Static initialization is tricky. As this answer states, the standard provides some guarantees as to the order of initialization within a single "translation unit" (normally a .cpp source file), but none whatsoever concerning what order initializations in different translation units will follow.

When you added the Before and After vectors to the code, you observed that unlike the calls to ordered_map::operator[], the calls to vector::push_back() did not crash the process and concluded that the objects were being initialized out of order within a single translation unit, contrary to the standard's guarantees. There is a hidden assumption there, namely that since push_back() did not cause a crash, the vector must therefore have been initialized. This turns out not to be the case: that method call on an uninitialized object is almost certainly corrupting memory somewhere, but won't necessarily cause a crash. A better way of checking whether or not the constructor is being called would be to run the code in a debugger, and set breakpoints on the lines which contain the objects' definitions, for instance std::vector<Thing*> Before in thing.cpp. This will show that initialization will occur as predicted in the standard.
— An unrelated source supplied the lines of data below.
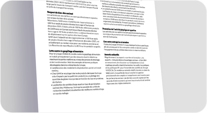 Pour aller plus loin THÉMATIQUES RÉGLEMENTAIRES Les thématiques réglementaires non abordées dans le rapport • Un cahier des charges intégrant des aspects qualité rigoureux afin d’avoir un grain qui répond aux contraintes des étapes de de développement Durable 2023-2024 sont adressées ici. transformation, notamment chez KALIZEA pour le maïs. Émissions de gaz à effet de serre du transport • Un travail sur la formulation des produits garantissant la meilleure utilisation possible des matières premières en fonction La partie transport des scopes 1, 2 et 3 est basée sur les données 2022-2023 représentant 532,5 ktCO e, pour une très des besoins des clients, notamment chez NEALIA. 2 • Les plateformes de Délifrance ont établi un partenariat avec large partie issues du transport routier, puis du transport fluvial Les Restos du Cœur et le Secours populaire. Lorsque la DLE et enfin du transport ferroviaire. (date limite d’expédition) d’un produit est dépassée, mais Respect du bien-être animal avec une date limite de consommation encore de plusieurs Les activités de nos métiers ne sont pas directement exposées semaines, Délifrance distribue les produits concernés à ces aux enjeux du bien-être animal. organismes de solidarité. À travers ces actions, Délifrance Néanmoins, Délifrance a l’ambition de s’approvisionner à montre sa forte sensibilité au gaspillage alimentaire. 100 % en œufs de poules élevées hors cage à l’horizon de décembre 2025. À date, près de 100 % des références produits Promotion de l’activité physique et sportive de Délifrance en Europe sont issus d’œufs de poules élevées Les activités de nos métiers ne sont pas directement exposées hors cage et 30 % des produits tiers. La démarche est en cours aux enjeux de promotion de l’activité physique et sportive au de déploiement sur les autres sites hors Europe. sein de l’entreprise. GMP, dont l’objectif est de s’approvisionner à 100 % en œufs de poules élevées hors cage à l’horizon de décembre 2025, est Lien entre entreprise et armées actuellement au rendez-vous pour ces matières premières et À date, le Groupe VIVESCIA n’a pas déployé d’actions spécifiques Les Recettes de mon Moulin et à 90 % sur les produits surgelés. afin de promouvoir le lien entreprise-armée et ainsi de soutenir l’engagement de ses collaborateurs dans la réserve militaire. Lutte contre le gaspillage alimentaire Pour le Groupe VIVESCIA, la lutte contre le gaspillage alimentaire Accords collectifs se traduit principalement par des mesures visant à réduire au Régulièrement, les experts « carrière et formation », les maximum les pertes matières au niveau des process de stockage experts « rémunérations et avantages sociaux » et les DRH et de transformation. Voici des exemples de bonnes pratiques se rencontrent afin d’avancer sur le déploiement d’une développées dans les entreprises du Groupe. roadmap annuelle visant à harmoniser les outils, les pratiques • L’amélioration des rendements de production, qui est un travail et les politiques RH pour l’ensemble des sociétés du Groupe continu. VIVESCIA. De nombreux accords relatifs à la mise en place du • Chez GMP, le recyclage interne de produits déclassés (tant que télétravail, à la qualité de vie au travail et à la gestion cela n’impacte pas la qualité des produits) ou un pilotage des prévisionnelle des emplois et compétences sont conclus avec quantités de gluten incorporées en fonction du taux en protéines les partenaires sociaux. Les derniers accords signés sont les des farines. accords d’intéressement, qui sont tous structurés de la même • La sélection de variétés d’orge ayant un taux de germination façon avec des règles communes. optimal chez Malteurop. L’entreprise possède des unités de recherche travaillant à la sélection des meilleures variétés d’orge en vue du maltage. RAPPORT INTÉGRÉ 2023-2024 73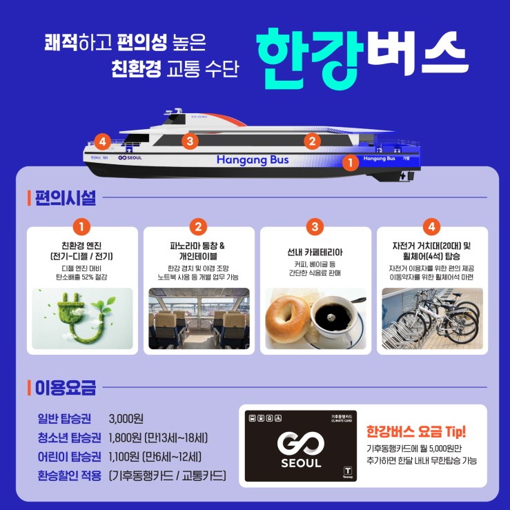 9월부터 적용되는 한강버스 이용요금 및 편의시설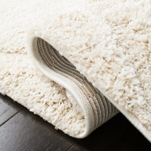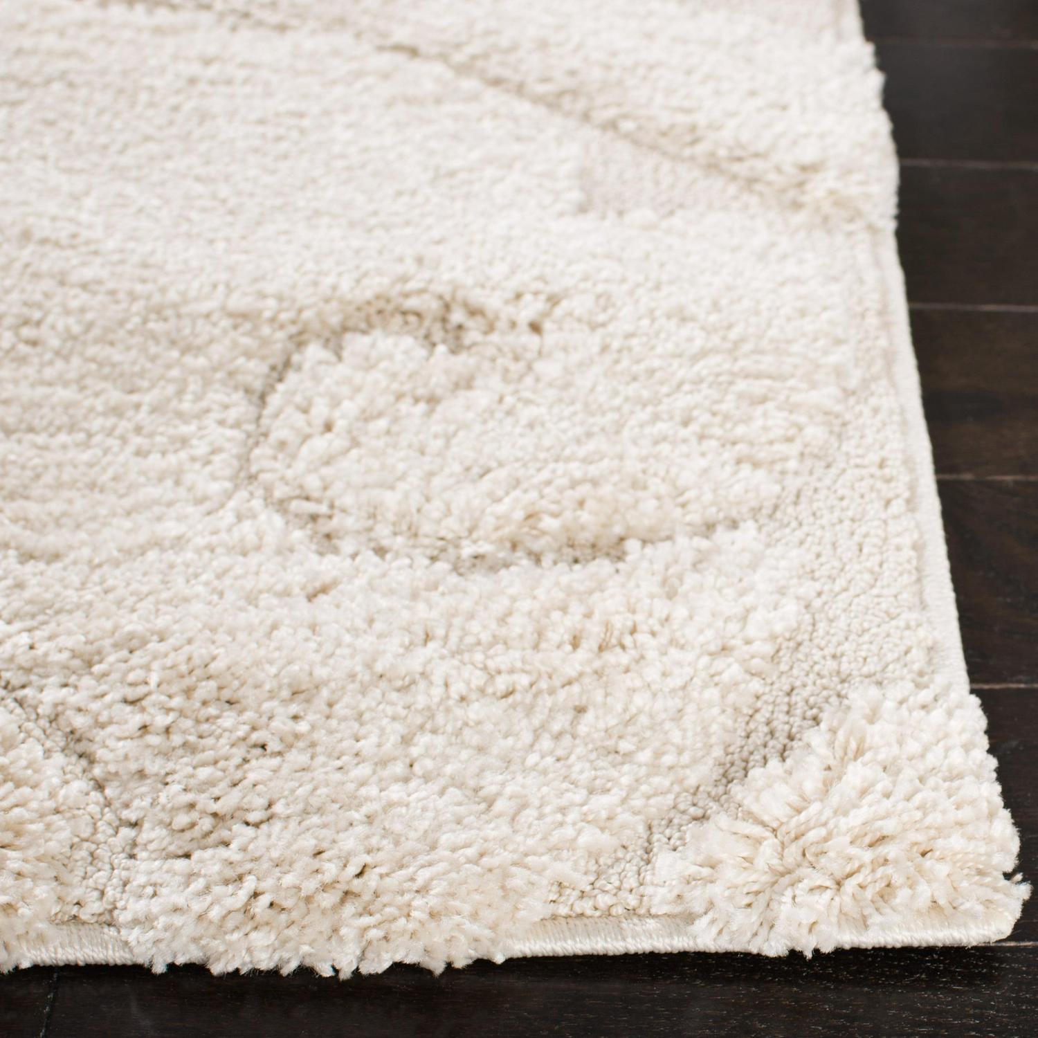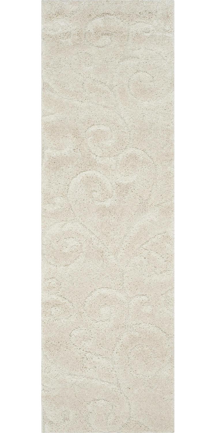 Florida Shag Rug Collection. Plush And Dense Pile Perfect For Living And Bedroom Décor. This Safavieh Florida shag captures the laid-back lifestyle of the southern peninsula in an ultra-soft, crème tone-on-tone floor covering. A sculpted high-low pile accentuates the detailed damask vine designs for rich textural dimension highlighted over the smooth crème background. Constructed using power-loomed synthetic yarns for a durable, casual shag carpet that will retains vivid color and striking texture for years to come.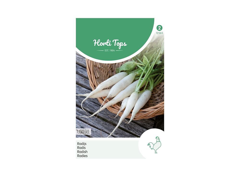 Radijs IJskegel zaai je vanaf half maart tot begin augustus in de vollegrond in regels, nadien iets uitdunnen. Zaai worteltjes of sla naast deze radijzen voor een goed biologisch evenwicht.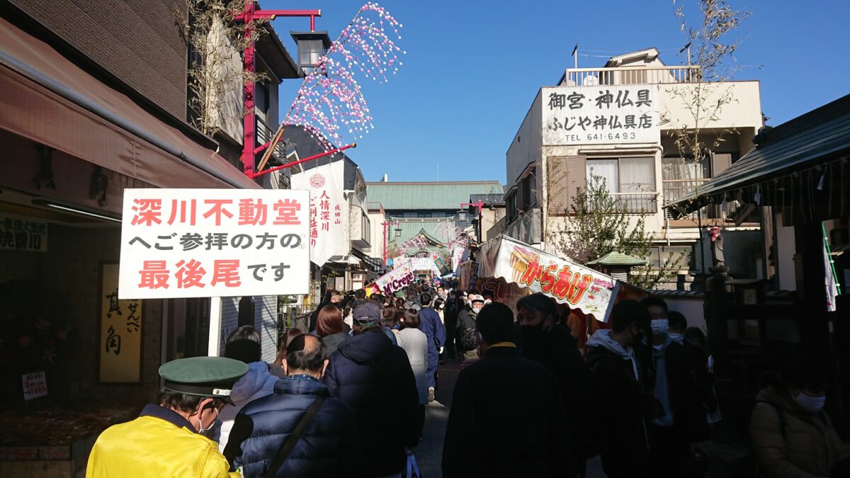 深川不動堂の初詣の様子 -屋台もあり活気あり!-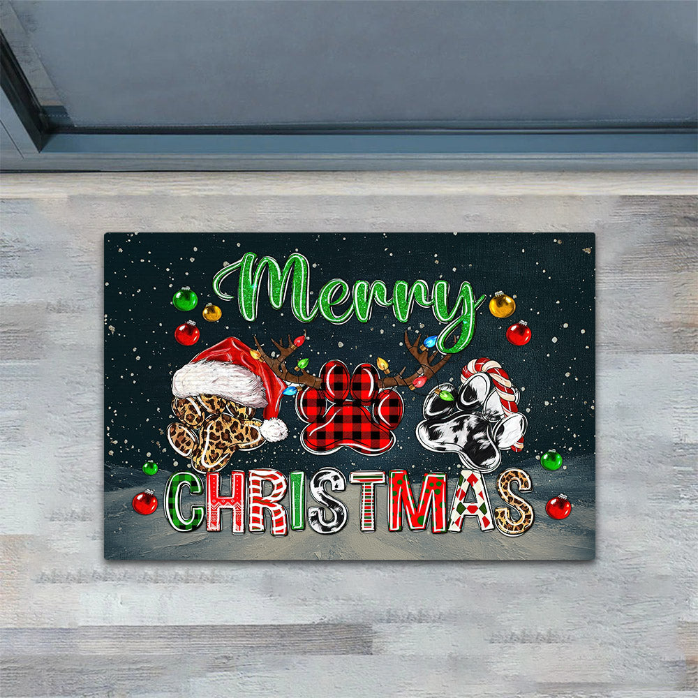 Joycorners Christmas Dog Paws Doormat, Merry Christmas Doormat For Home Decor Housewarming Gift, Welcome Mat Gift For Dog Lovers LM0210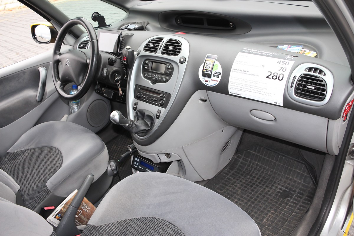 Édesapám autója 2008-as, tehát már bőven Euro 4-es. Amikor ő vette, már nem gyártották, de a hazai kereskedőknél még nagy tétel „jóárasított” darab volt készleten. Ez a jobban felszerelt kivitel, de nagy különbségek a széria végén már nem voltak. Ebben digitális és automata a klíma, és hátra is jutott villanyablak. Van esőérzékelős ablaktörlő, automata lámpa és villanyosan behajtható tükör is. A biztonsági felszerelések közül alap az ABS és a 4 légzsák, amik közül a két oldalsó a fejet is védi elvileg, de az Euro NCAP egykori tesztjén azért nem lett meg az a négy csillag hiba nélkül. Mindegy, a lényeg, hogy a maga korosztályában elfogadható védelmet ad a Picasso.

The best option for avoiding the "fiasco", as described here, is "construct on first use". In the case of your example code, this would involve changing any direct use of Thing::Things, such as this line:

Thing::Things[thing->name] = thing;

To a method, say Thing::GetThings(), which initializes the object and returns a reference to it. lcs' answer provides an example of this, but beware: although it solves the static initialization problem, using a scoped static object may introduce an even more pernicious problem: crashes on program exit due to static deinitialization order. For that reason, allocating the object with the new keyword is preferred:

std::unordered_map<std::string, Thing*>& Thing::GetThings()
{
    static std::unordered_map<std::string, Thing*>* pThings =
        new std::unordered_map<std::string, Thing*>();
    return *pThings;
}

That instance will of course never be delete'd, which feels an awful lot like a memory leak. But even if it weren't a pointer, de-initialization would only occur at program shutdown. So, unless the object's destructor performs some important function like flushing a file's contents to disk, the only difference that matters is the fact that using a pointer avoids the possibility of a crash on exit.